Explicitly Define Process Policies

Communicate explicit process guidelines and policies to the team. Make sure everyone understands what the description for each column or row means. For example, if a job is still in progress, there should be an indication that shows its current state. Also, the team should know what “completed” or “reviewed” means.

Employ Feedback Loops

Integrating feedback loops allows you to understand what to improve in a project. These loops are critical to any project management system’s success. With the project management Kanban method, you can use reviews, reports, metrics, and other vital visual cues as feedback on work progress.

Make sure you get these reports early enough to do something about issues you identify in time.  This way, you can quickly get back on track if the project isn’t moving in the right direction.

As the name implies, feedback loops are continual. You also have to look at reports of the measures you’re taking to fix identified issues. This is to ensure your fixes have the right effect.

What you’ll be doing:

  • Use metrics such as lead and cycle time to measure your team’s performance and speed.
  • Set up meetings to discuss the problems you believe are limiting the workflow and extending expected delivery times.
  • Resolve these issues with the team and reorganize your strategies with each team member’s input.

Collaborate and Evolve

Implementing the Kanban process allows you to visualize your current project management infrastructure and strategy. This enables you to identify failure points and areas that need improvement. So, you have to make sure you continuously work with them to evolve your current workflow to something more predictable and foolproof.

Collaboration is critical in this aspect because you want to carry every team member along. You have to apply the practices mentioned earlier to achieve this. Use a visual board that works for everybody, create optimal WIP limits, manage the process correctly, explicitly communicate process policies, and use feedback loops.

Remember that you’re building on the agile Kanban project management framework. So, make sure you test new changes you apply to the system before deploying them for ongoing use.

More so, you can use the signals provided by your Kanban board to evaluate each change during the test and live phases. This way, you get to evolve your system to meet customers’ demands as they change.

Getting the Right Kanban Software Solution

While Kanban boards can be physical, it doesn’t help in a virtual environment. You need a software application that can integrate with other programs and foster collaboration.
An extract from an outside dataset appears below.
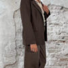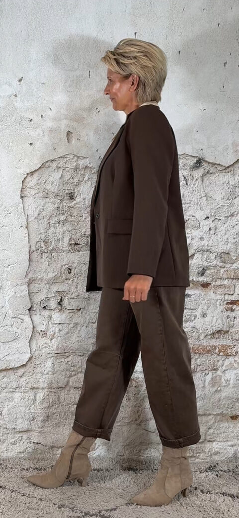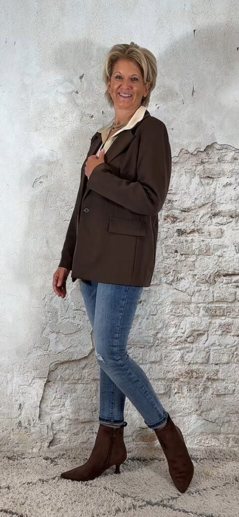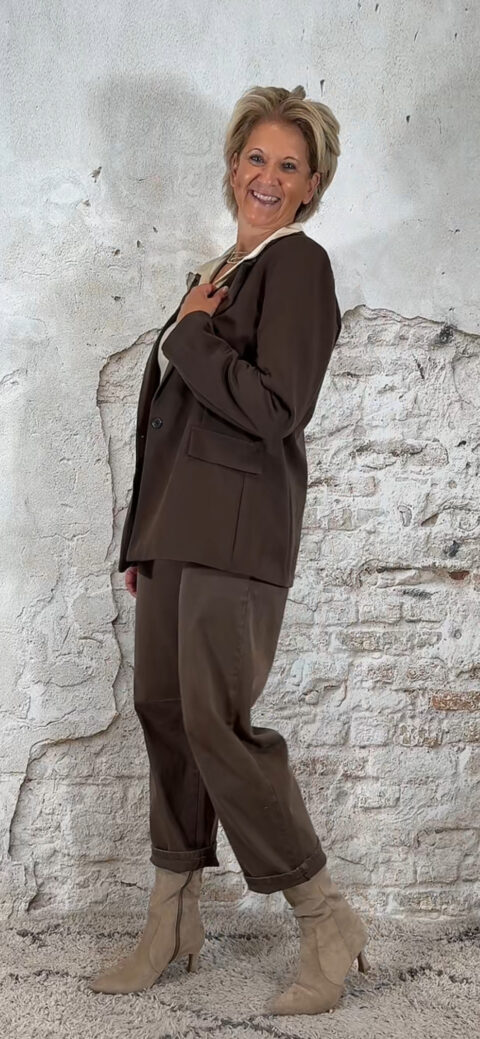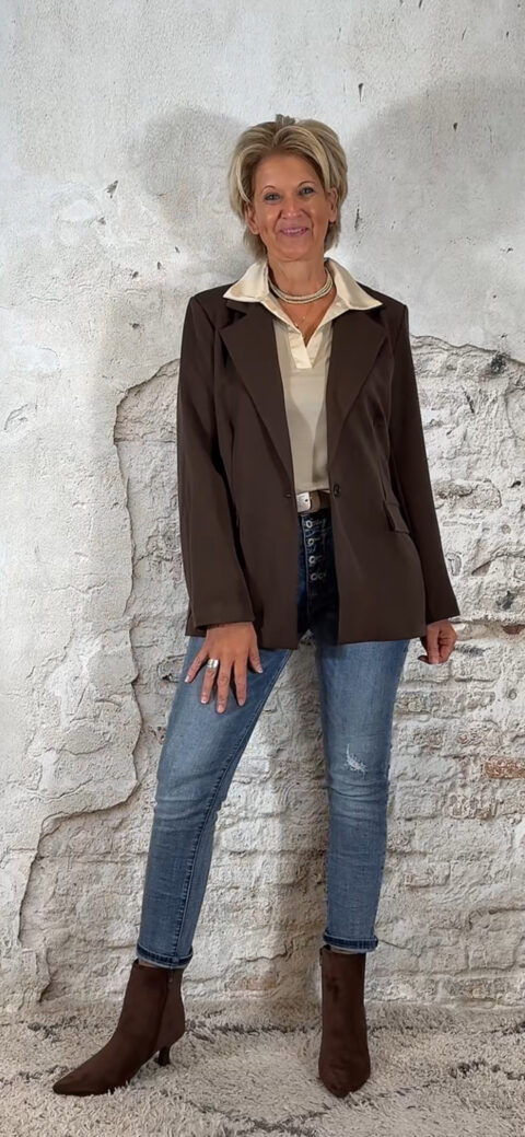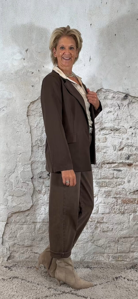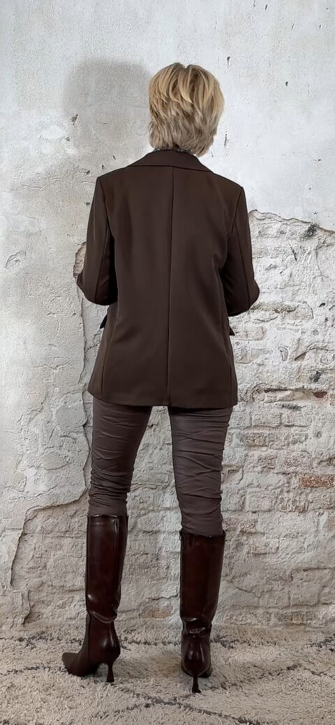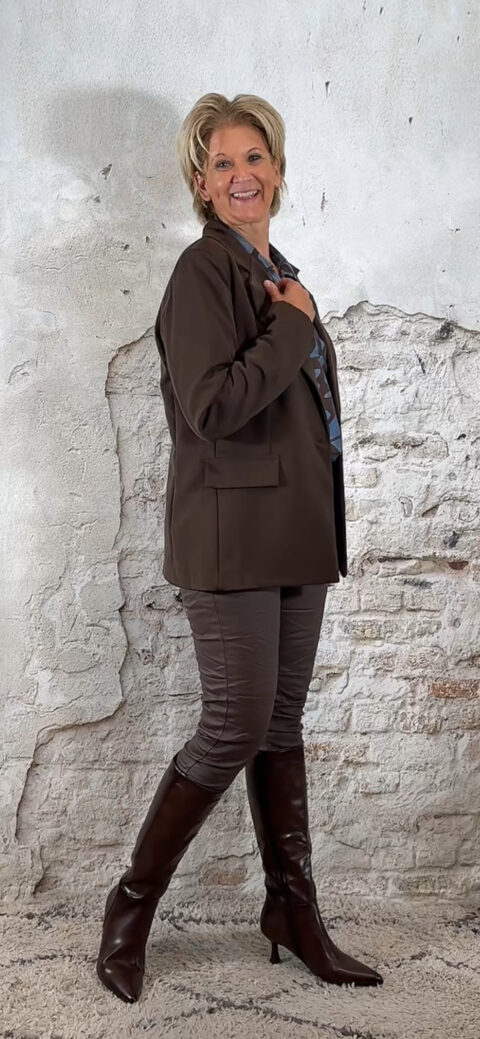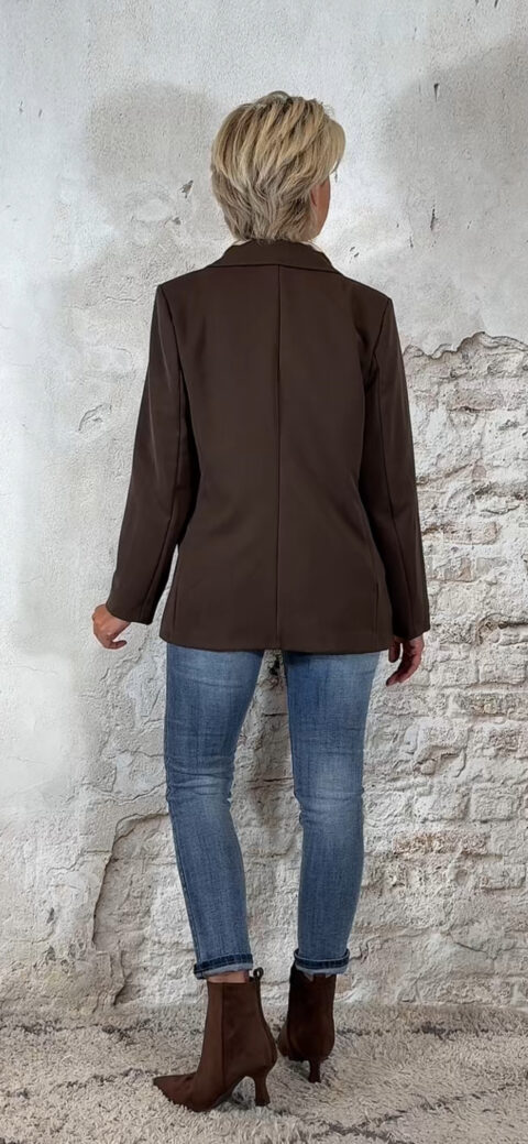 • Elastan: geeft de stof net dat beetje stretch, zodat de blazer mooi aansluit én comfortabel meebeweegt.

The ideal solution should support a virtual team, where every group member has access to the board and can update their task progress.

  • Essential features to look out for in Kanban applications include:
  • Accessing the app on multiple platforms
  • Ease in updating tasks, changing handlers, and moving cards
  •  Handling complex and larger workflows
  • Automated workflows
  •  Integration with other reports and dashboards
  • Workflow and column customization
  • Real-time reports
  • Ability to leave notes and comments on cards
  • Adding checklists, files, and documents links to cards
  • Notifications for card updates and changes
  • Task reminders

It would also be best to go for a solution that incorporates an agile project management framework. Most agile solutions come with integrated Kanban boards. So, you should look at those and confirm that they check the right boxes.

Some of the best software applications include:

  1. Trello
  2. nTask Board
  3. Wrike
  4. ProProfs Project
  5. Kanbanize
  6. ProofHub
  7. KanbanFlow
  8. Zoho


Kanban project management has never been more fun and efficient for remote teams. However, you should note that the model focuses more on the project workflow than the team. So, make sure you always encourage communication in the virtual workplace, as studies have shown it’s critical to team performance.